TEXT_HORIZONTAL_PADDING = 4
Comments augment code by providing information at a different level of detail. They add precision by clarifying code. Fill in missing details like: what are the units of this variable? Are the boundary conditions inclusive/exclusive? If null is permitted, what does it imply? Whose responsibility is it to free/close a resource? Are there certain properties that must always be true (invariants)?
Higher level comments enhance intuition. They omit details and help readers understand the overall intent of the code.
Separate interface from implementation comments. Interface comments provide information that a user must know to use the class or method. Implementation comments describe details on what the module does (or why design decisions were made).
Interface comment parts: overall description of method, describe each argument and return value, describe any side effects, describe any exception, describe any preconditions/invariants/postconditions.
Good names are a form of documentation. Bad names increases complexity, creates ambiguities and misunderstandings. Bad names cause bugs.
Names should create an image for the reader. Names should be precise. For example getCount()
is
too generic. Count of what? result
is another example. The name should provide information about
what the result is: mergedLine
or totalChars
.
There are exceptions. It's okay to use generic names for loop iteration variables or any blocks that only span a few lines.
Use names consistently. Use the common name for the given purpose, don't use the common name for
anything else, make sure the purpose is narrow enough that al variables with the name have the same
behavior. For example: always use index
for loops.
Beset time to write comments is at the beginning of the process. Example process:
- start new class by writing class interface comment
- next, write interface comments and signatures for most public methods (leaving bodies empty)
- iterate on these until basic structure feels right
- write declarations/comments for most important instance variables
- fill in implementation (writing implementation comments as needed)
Systems are constantly evolving. When modifying existing code, stay strategic. Working code isn't enough. You must resist the temptation to make a quick fix.
Maintain comments. The best way to do this is to keep comments close to the code. Comments belong in the code, not the commit log. Check the diffs to make sure comments stay in sync.
Consistency reduces complexity by making behavior more obvious. Examples:
- names
- coding style
- interfaces
- design patterns
- invariants
Ensure consistency via documentation or automated builds that flag inconsistencies.
Obscurity occurs when important information about a system is not obvious. Obvious code can be read quickly, without much effort.
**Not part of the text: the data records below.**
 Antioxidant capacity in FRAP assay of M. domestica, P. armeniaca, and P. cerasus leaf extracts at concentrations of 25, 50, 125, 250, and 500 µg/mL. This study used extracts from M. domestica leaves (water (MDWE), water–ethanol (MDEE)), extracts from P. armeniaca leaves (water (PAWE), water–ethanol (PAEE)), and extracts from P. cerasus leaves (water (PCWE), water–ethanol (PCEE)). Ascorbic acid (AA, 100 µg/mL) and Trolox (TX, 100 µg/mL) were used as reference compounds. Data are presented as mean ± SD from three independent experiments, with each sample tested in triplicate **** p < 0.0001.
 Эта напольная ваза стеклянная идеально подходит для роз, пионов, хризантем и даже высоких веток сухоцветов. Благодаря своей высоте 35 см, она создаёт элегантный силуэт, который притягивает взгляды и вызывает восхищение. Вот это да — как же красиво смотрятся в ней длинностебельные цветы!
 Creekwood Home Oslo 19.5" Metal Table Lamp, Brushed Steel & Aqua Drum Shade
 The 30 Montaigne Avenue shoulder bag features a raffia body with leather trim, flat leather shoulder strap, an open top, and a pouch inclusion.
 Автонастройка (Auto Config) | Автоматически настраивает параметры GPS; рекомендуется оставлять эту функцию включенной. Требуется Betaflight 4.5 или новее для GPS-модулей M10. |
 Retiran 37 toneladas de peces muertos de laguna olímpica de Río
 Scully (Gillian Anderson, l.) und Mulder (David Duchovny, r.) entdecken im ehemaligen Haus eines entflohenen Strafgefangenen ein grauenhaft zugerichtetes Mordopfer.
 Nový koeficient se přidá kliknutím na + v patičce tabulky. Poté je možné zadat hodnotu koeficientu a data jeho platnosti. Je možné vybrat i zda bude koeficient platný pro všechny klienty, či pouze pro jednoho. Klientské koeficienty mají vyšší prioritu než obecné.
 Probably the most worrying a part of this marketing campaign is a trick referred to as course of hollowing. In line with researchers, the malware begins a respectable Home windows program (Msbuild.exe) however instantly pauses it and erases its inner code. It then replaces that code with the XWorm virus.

The reader's first guess about a system should be correct.
Things that make code more obvious: white-space, comments.
Things that make code less obvious: event-driven programming, generic containers (define a specialized
class for your purposes instead), different types for declaration/allocation (eg using an ArrayList
but declaring the variable as List
), code that violates reader expectations.
Some popular software trends:
- Object-oriented programming and inheritance
- Agile development
- Unit tests
- Test driven development
- Design patterns
- Getters and setters
Simplicity improves a system's design and usually makes it faster too.
Run micro-benchmarks to learn which operations are expensive in your system. Once you get a sense for what is expensive/cheap, use that information to choose cheap operations whenever possible.
If you must introduce complexity for efficiency, try to hide the complexity so it doesn't affect any interfaces.
Measure before modifying. Intuitions about performance is unreliable. Before making the change, measure the existing behavior.